Exercise requirements
Please return each entry that follows exactly as given, but without pictures.

Records to process
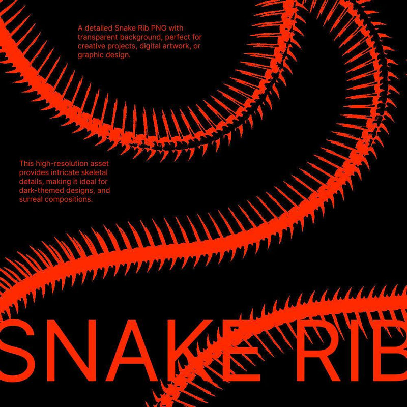 The Snake Rib is a high-resolution PNG asset featuring detailed skeletal structures with a transparent background, measuring 3000 x 3000 pixels. It includes 15 PNG files with 3 different textures, compatible with Photoshop and Affinity Photo, making it suitable for various digital projects.
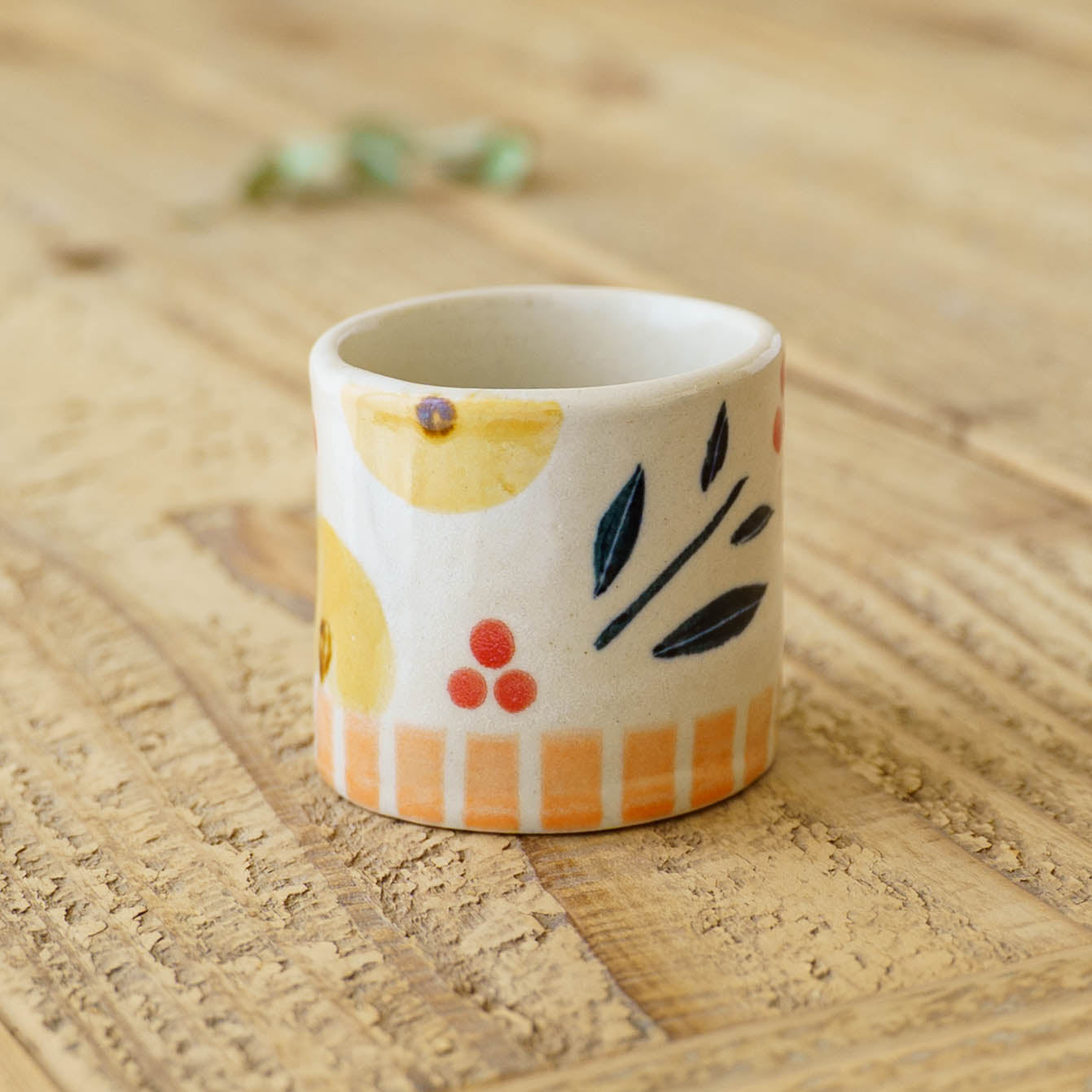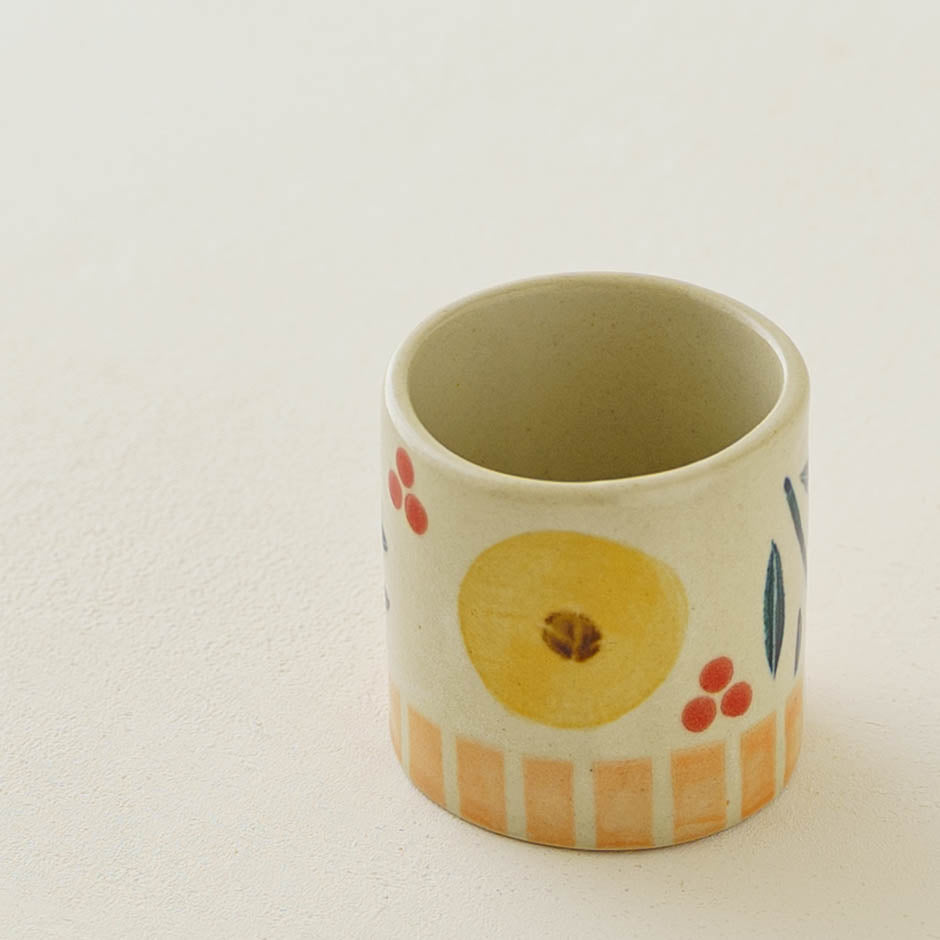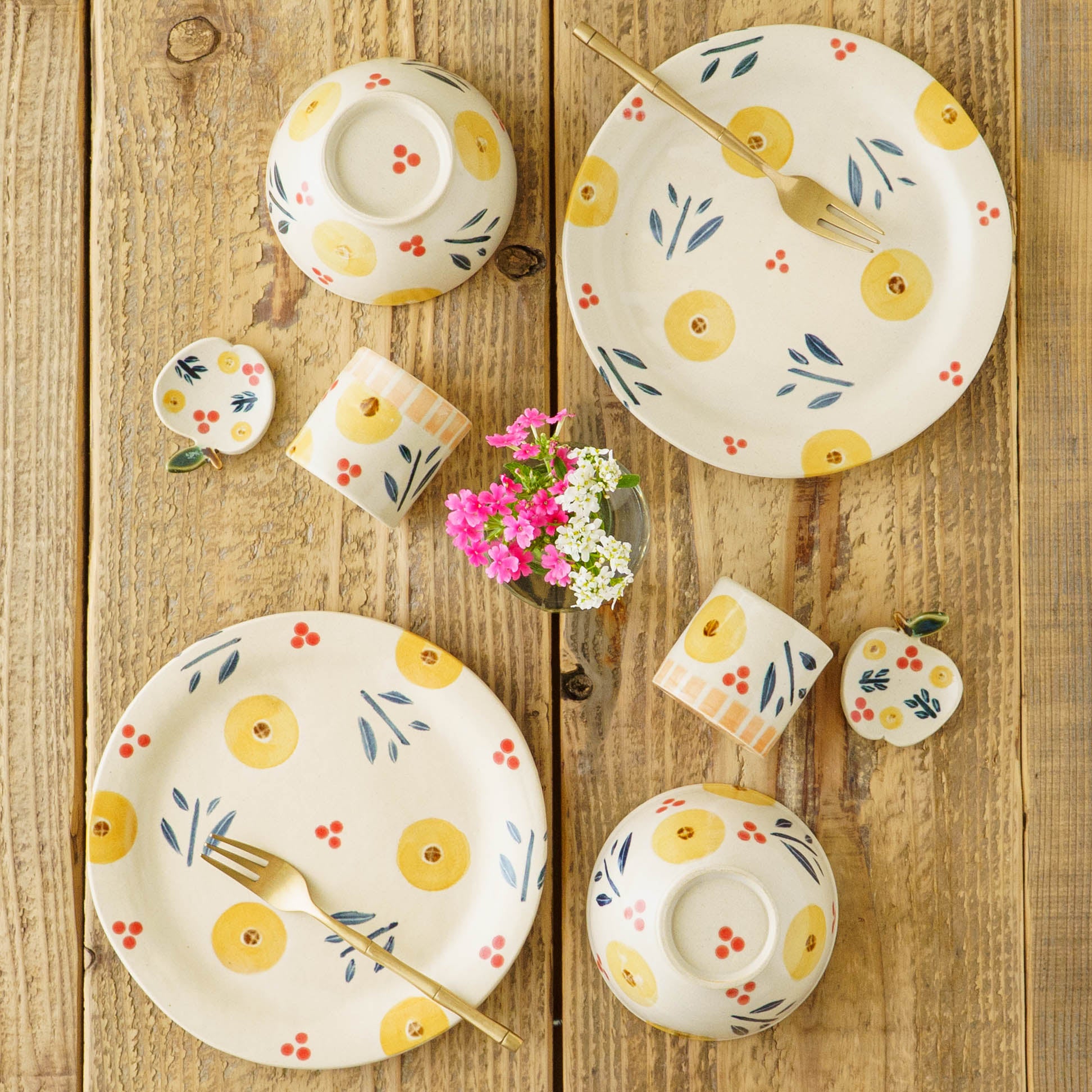 手にした時の指先に伝わる滑らかさと、存在感のある素朴な質感の対比が、土そのものと対話しているような感覚を与えてくれます。手に取るだけで心が自然と明るくなり、食卓を楽しく軽やかに演出してくれるそんなうつわです。
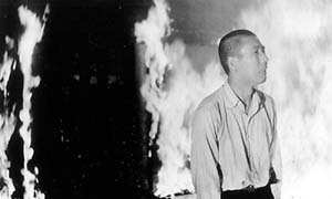 Кон Итикава поставил фильм по произведению Юкио Мисимы "Золотой храм" через два года после публикации романа в журнале "Синтё". Тогда Мисима не был тем бесцеремонным героем буржуазной богемы, которая превыше всего почитала бунт, революции и полярные идеологические установки. Мисима был молодым амбициозным прозаиком, интеллектуалом и эстетом, чьи произведения хвалили за острое как меч слово, авторскую смелость и изощренный подход к психологии и гуманизму. Режиссер фильма в экранизации романа взял такую ноту, на которую никто не решился бы после скандального самоубийства Мисимы. Посмертная слава самурая и реваншиста, проводника культа силы и певца смерти сделала невозможным экранизацию его творчества без отсылок к фигуре самого Мисимы (и личной позиции по отношению к его философии). Вероятно, поэтому Итикава не любил обсуждать Пламя, но весьма ценил этот фильм.
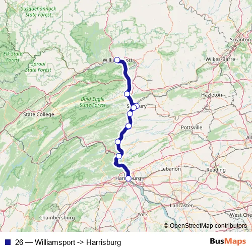 Click here to view the nearest 26 - Williamsport -> Harrisburg bus stop.
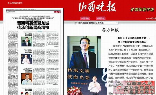 7月20日,山西晚报2版头条发表天津山西商会张世伦会长关于传承晋商精神的讲话摘要。张世伦会长说:“煤老板不是山西的代名词,现代产业,晋商还有数不清的排头兵!晋商的复兴,其标志不是人们熟知能祥的李彦宏、郭台铭等少数几位,而是需要晋商群体性的崛起!对此,津门晋商已经率先行动!”
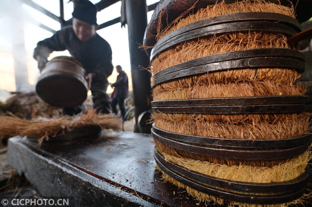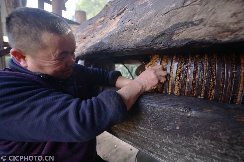 ↑2021年1月12日,在贵州省黔东南苗族侗族自治州从江县庆云镇转珠村,一名侗族榨油师傅在调整茶饼位置。CICPHOTO/吴德军 摄
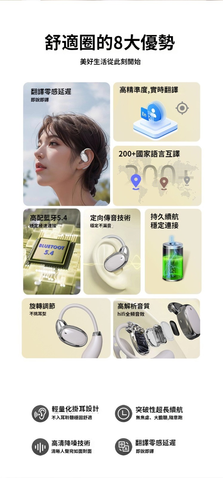 第 1 件 : 新款V18翻譯耳機5.4藍牙翻譯機掛耳式無線藍牙耳機多國語言
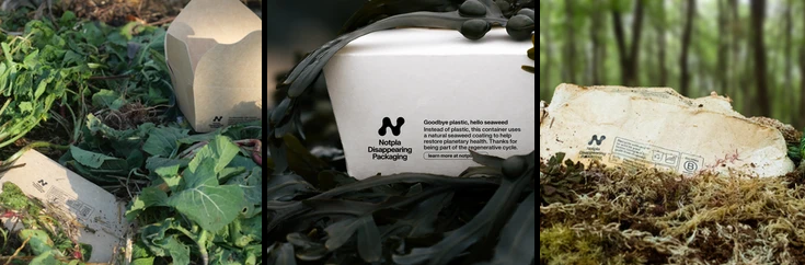 Notpla packaging regenerates into fertile soil, decomposing naturally in home composts, becoming food for worms, fungi, and microbes. Watch as all the PLA (a bioplstic) coated board fails to disappear, leaving behind the plastic coating laminated onto the cardboard surface which will go on to be broken down into microplastics. (Click play below)
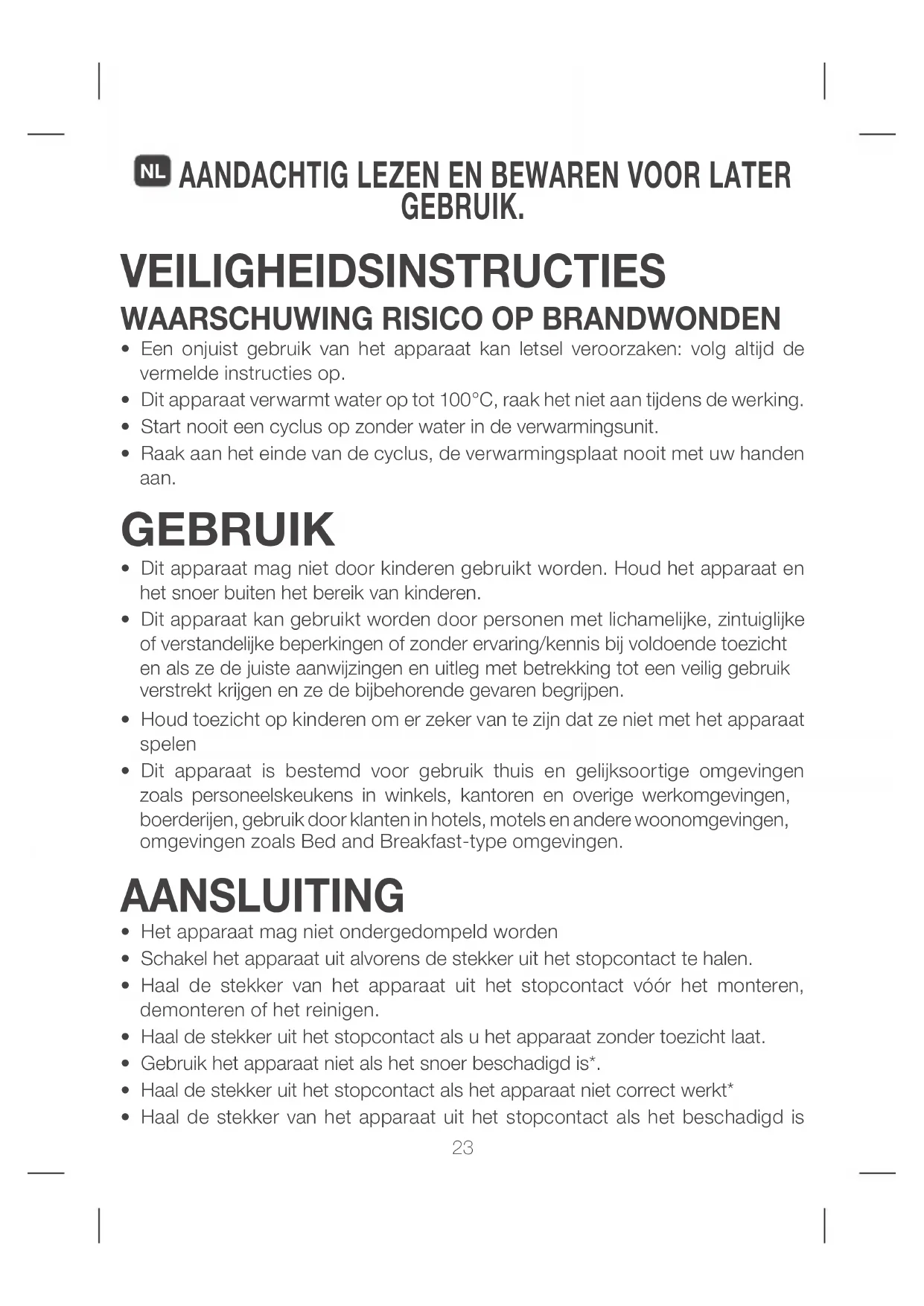 - Dit apparaat verwarmt water op tot 100°C, raak het niet aan tijdens de werking.
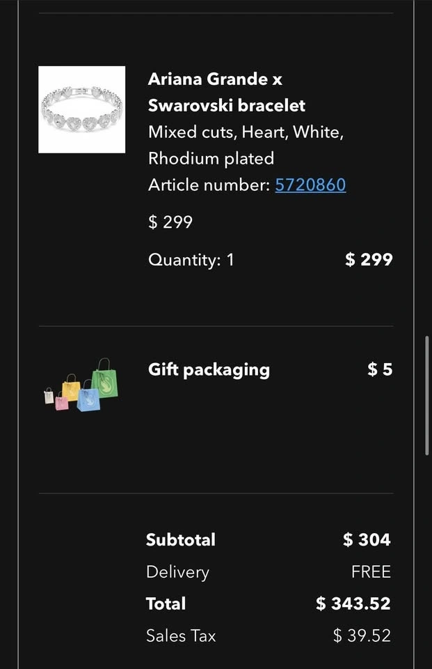 Brand new, never worn. Paid $343 (with tax), asking $300. Includes original Swarovski packaging. Elegant crystal tennis bracelet from the Ariana Grande x Swarovski collaboration — perfect for everyday luxury or special occasions. Amazing shine and quality, makes a great gift. Meet-up in Scarborough. Cash payment only.
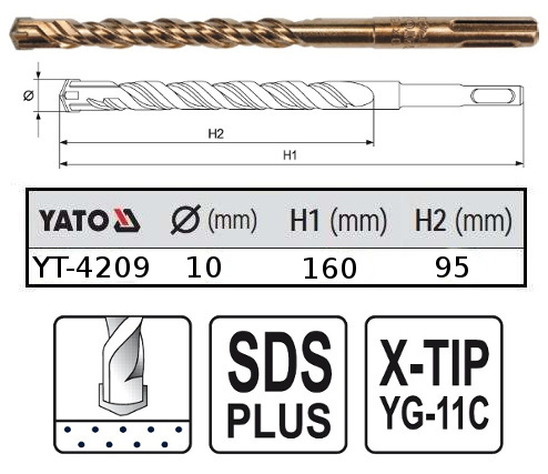 - WIERTŁO DO BETONU YATO YT-4209 10/160MM SDS (nr kat. 1317)
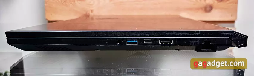 Elementy dekoracyjne obejmują geometryczny wzór małych kropek wokół obwodu obudowy. Firma nazywa go Digital Bricks Texture. Po lewej stronie laptopa znajdują się otwory wentylacyjne, gniazdo zasilania oraz pełnowymiarowe porty USB 3.2 Gen1 i USB 2.0:
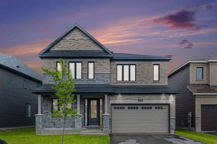 Step into sophisticated living with this impressive 6+1-bedroom, 5.5 -bathroom detached home in the highly desirable Mahogany community of Manotick. This Minto Rosewood model with main floor guest suite offers an expansive and functional floor plan designed to accommodate modern family life with style and flexibility. Situated on a quiet residential street, the home enjoys a peaceful setting just minutes from parks, schools, and village amenities. Inside, soaring 9-foot ceilings on both the main and second levels create a bright, open feel throughout. The main floor features an elegant formal living/dining room, a generous family room with a sleek gas fireplace,and a stylish kitchen with a large centre island, upgraded cabinetry, stainless steel hood fan, and a ceramic tile backsplash. The main floor office will give you quiet space to work. A private in-law or guest suite on the main level includes its own 3-piece ensuite, offering ideal accommodations for extended family or visitors. Upstairs, the spacious primary bedroom includes a large walk-in closet and a 5-piece ensuite complete with double vanities, a soaker tub, and a separate glass shower. Two secondary bedrooms share a Jack & Jill bathroom, while two additional bedrooms share a full bath. While currently configured with a large linen closet, the upper level also has a designated space for optional second-floor laundry.The fully finished basement expands the homes versatility, offering a large recreation room, an additional bedroom, a full bathroom, and generous storage.

Output
 The Snake Rib is a high-resolution PNG asset featuring detailed skeletal structures with a transparent background, measuring 3000 x 3000 pixels. It includes 15 PNG files with 3 different textures, compatible with Photoshop and Affinity Photo, making it suitable for various digital projects.
 手にした時の指先に伝わる滑らかさと、存在感のある素朴な質感の対比が、土そのものと対話しているような感覚を与えてくれます。手に取るだけで心が自然と明るくなり、食卓を楽しく軽やかに演出してくれるそんなうつわです。
 Кон Итикава поставил фильм по произведению Юкио Мисимы "Золотой храм" через два года после публикации романа в журнале "Синтё". Тогда Мисима не был тем бесцеремонным героем буржуазной богемы, которая превыше всего почитала бунт, революции и полярные идеологические установки. Мисима был молодым амбициозным прозаиком, интеллектуалом и эстетом, чьи произведения хвалили за острое как меч слово, авторскую смелость и изощренный подход к психологии и гуманизму. Режиссер фильма в экранизации романа взял такую ноту, на которую никто не решился бы после скандального самоубийства Мисимы. Посмертная слава самурая и реваншиста, проводника культа силы и певца смерти сделала невозможным экранизацию его творчества без отсылок к фигуре самого Мисимы (и личной позиции по отношению к его философии). Вероятно, поэтому Итикава не любил обсуждать Пламя, но весьма ценил этот фильм.
 Click here to view the nearest 26 - Williamsport -> Harrisburg bus stop.
 7月20日,山西晚报2版头条发表天津山西商会张世伦会长关于传承晋商精神的讲话摘要。张世伦会长说:“煤老板不是山西的代名词,现代产业,晋商还有数不清的排头兵!晋商的复兴,其标志不是人们熟知能祥的李彦宏、郭台铭等少数几位,而是需要晋商群体性的崛起!对此,津门晋商已经率先行动!”
 ↑2021年1月12日,在贵州省黔东南苗族侗族自治州从江县庆云镇转珠村,一名侗族榨油师傅在调整茶饼位置。CICPHOTO/吴德军 摄
 第 1 件 : 新款V18翻譯耳機5.4藍牙翻譯機掛耳式無線藍牙耳機多國語言
 Notpla packaging regenerates into fertile soil, decomposing naturally in home composts, becoming food for worms, fungi, and microbes. Watch as all the PLA (a bioplstic) coated board fails to disappear, leaving behind the plastic coating laminated onto the cardboard surface which will go on to be broken down into microplastics. (Click play below)
 - Dit apparaat verwarmt water op tot 100°C, raak het niet aan tijdens de werking.
 Brand new, never worn. Paid $343 (with tax), asking $300. Includes original Swarovski packaging. Elegant crystal tennis bracelet from the Ariana Grande x Swarovski collaboration — perfect for everyday luxury or special occasions. Amazing shine and quality, makes a great gift. Meet-up in Scarborough. Cash payment only.
 - WIERTŁO DO BETONU YATO YT-4209 10/160MM SDS (nr kat. 1317)
 Elementy dekoracyjne obejmują geometryczny wzór małych kropek wokół obwodu obudowy. Firma nazywa go Digital Bricks Texture. Po lewej stronie laptopa znajdują się otwory wentylacyjne, gniazdo zasilania oraz pełnowymiarowe porty USB 3.2 Gen1 i USB 2.0:
 Step into sophisticated living with this impressive 6+1-bedroom, 5.5 -bathroom detached home in the highly desirable Mahogany community of Manotick. This Minto Rosewood model with main floor guest suite offers an expansive and functional floor plan designed to accommodate modern family life with style and flexibility. Situated on a quiet residential street, the home enjoys a peaceful setting just minutes from parks, schools, and village amenities. Inside, soaring 9-foot ceilings on both the main and second levels create a bright, open feel throughout. The main floor features an elegant formal living/dining room, a generous family room with a sleek gas fireplace,and a stylish kitchen with a large centre island, upgraded cabinetry, stainless steel hood fan, and a ceramic tile backsplash. The main floor office will give you quiet space to work. A private in-law or guest suite on the main level includes its own 3-piece ensuite, offering ideal accommodations for extended family or visitors. Upstairs, the spacious primary bedroom includes a large walk-in closet and a 5-piece ensuite complete with double vanities, a soaker tub, and a separate glass shower. Two secondary bedrooms share a Jack & Jill bathroom, while two additional bedrooms share a full bath. While currently configured with a large linen closet, the upper level also has a designated space for optional second-floor laundry.The fully finished basement expands the homes versatility, offering a large recreation room, an additional bedroom, a full bathroom, and generous storage.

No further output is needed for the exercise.